Long after Demontaigu left, his bleak description of the king remained with me.

Rosselin and Middleton also came to see me. I visited the priory’s scriptorium, a gracious, elegant chamber, its fragrance so precious to me: pressed vellum, neatly scrubbed, ink, sandstone and calfskin bindings. I found it comforting to walk along the polished floor and peer over the shoulder of some brother as he copied a manuscript or decorated a book of hours with beautiful miniature pictures that shone like jewels. I glimpsed Dunheved standing near the unbound manuscripts, all filed neatly in their pigeonhole shelves. He explained how he was searching for a copy of Anselm’s Cur Deus Homo — Why God Became Man — and returned to his scrutiny. I smiled to hide my own surprise, then felt guilty; after all, Dunheved belonged to an order famous for its learning in the schools of Oxford and Cambridge. He was more than just a preacher, and I idly wondered in what branch of the trivium or quadrivium he was interested. Lost in such thoughts, I left the scriptorium. Rosselin and Middleton were waiting for me in the small cloister beyond. They rose and blocked my path. Rosselin raised a hand, palm extended in a gesture of peace.

‘Mathilde, we do not wish to alarm you, but the deaths of our comrades Lanercost, Leygrave and Kennington, have they been forgotten?’

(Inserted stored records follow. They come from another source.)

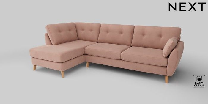 6.12.1 Buy Wilson Buttoned Back Large Corner Chaise - Left Hand Plush Velvet Easy Clean Mid Natural Retro Tapered - Light from the Next UK online shop Click here to use our accessible website
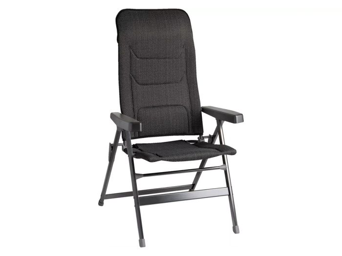 Het gepoedercoate aluminium frame maakt de stoel licht en robuust. Dankzij de praktische vouwfunctie is hij ruimtebesparend op te bergen.
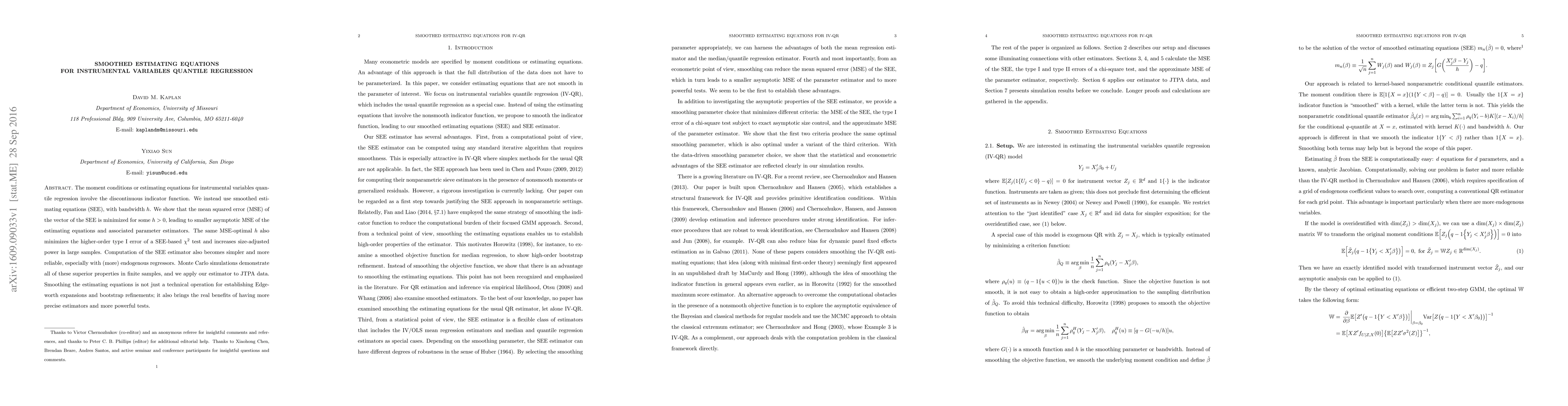 This paper proposes smoothed estimating equations (SEE) for instrumental variables quantile regression, demonstrating that optimal bandwidth $h$ minimizes mean squared error and improves the power of $\chi^2$ tests. Monte Carlo simulations show enhanced precision and reliability, especially with endogenous regressors.
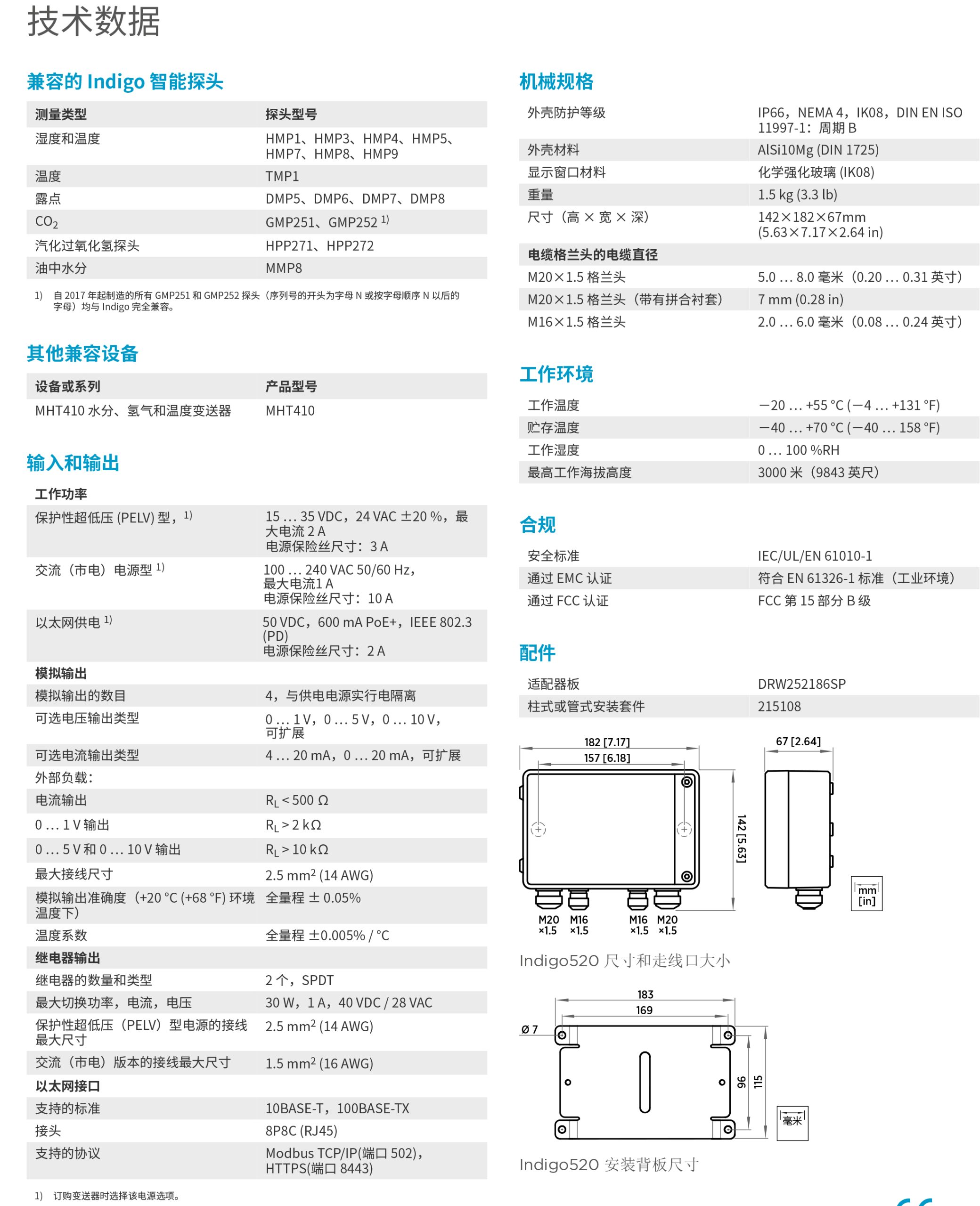 附帶雙探頭和多參數(shù)支持的維薩拉Indigo520變送器是用于與維薩拉Indigo兼容的、獨(dú)立智能探頭的主機(jī)設(shè)備。該變送器為Indigo探頭提供多種附加功能。觸摸顯示屏提供本地數(shù)據(jù)的可視化,方便配置探頭。與使用獨(dú)立的智能探頭相比,該變送器還提供更多的連接方式、供電電壓和接線方式的選擇。在適合進(jìn)行墻壁安裝式探頭安裝時,它還提供機(jī)械支撐。其堅固的IP66和NEMA4等級的金屬外殼確保在苛刻環(huán)境下也能具有可靠的性能。Indigo520與HMP1、HMP3、HMP9、HMP7或TMP1探頭配合使用,可用于測量氣壓、濕度和溫度。

‘Has your master forgotten them?’ I retorted.

‘His mind is all a muddle,’ Rosselin declared.

‘He is faced with a sea of cares.’ Middleton’s boyish face under his shaven pate was anxious and concerned. A set of Ave beads hung round his neck; he fingered these as if for protection.

‘So your master is not concerned,’ I replied, ‘but you are? Take great care, sirs, I have warned you. Whoever killed your comrades may also have singled you out for death.’

‘We heed your warnings,’ Middleton whispered, ‘but mistress, how can we truly protect ourselves when we do not know the enemy?’

‘And neither do I, sir. If I did, I would tell you!’

‘One thing we have found.’ Rosselin stared around as if some eavesdropper might be lurking. ‘One thing we have found,’ he repeated, ‘is that the day Leygrave was killed, a Franciscan, certainly a man garbed in the brown robes of the order, was seen slipping out through the Galilee Porch of the friary church.’

‘But that could have been anyone,’ I replied. ‘This friary is full of brothers going about their business.’

‘No, no.’ Rosselin shook his head. ‘The lay brother who was killed, Brother Eusebius? He told Father Prior that when he entered the church that morning to sound the Angelus, it was empty. Then he heard a sound, turned and glimpsed a figure, not walking like one of the brothers, but darting fleetingly like a shadow through the door of the Galilee Porch.’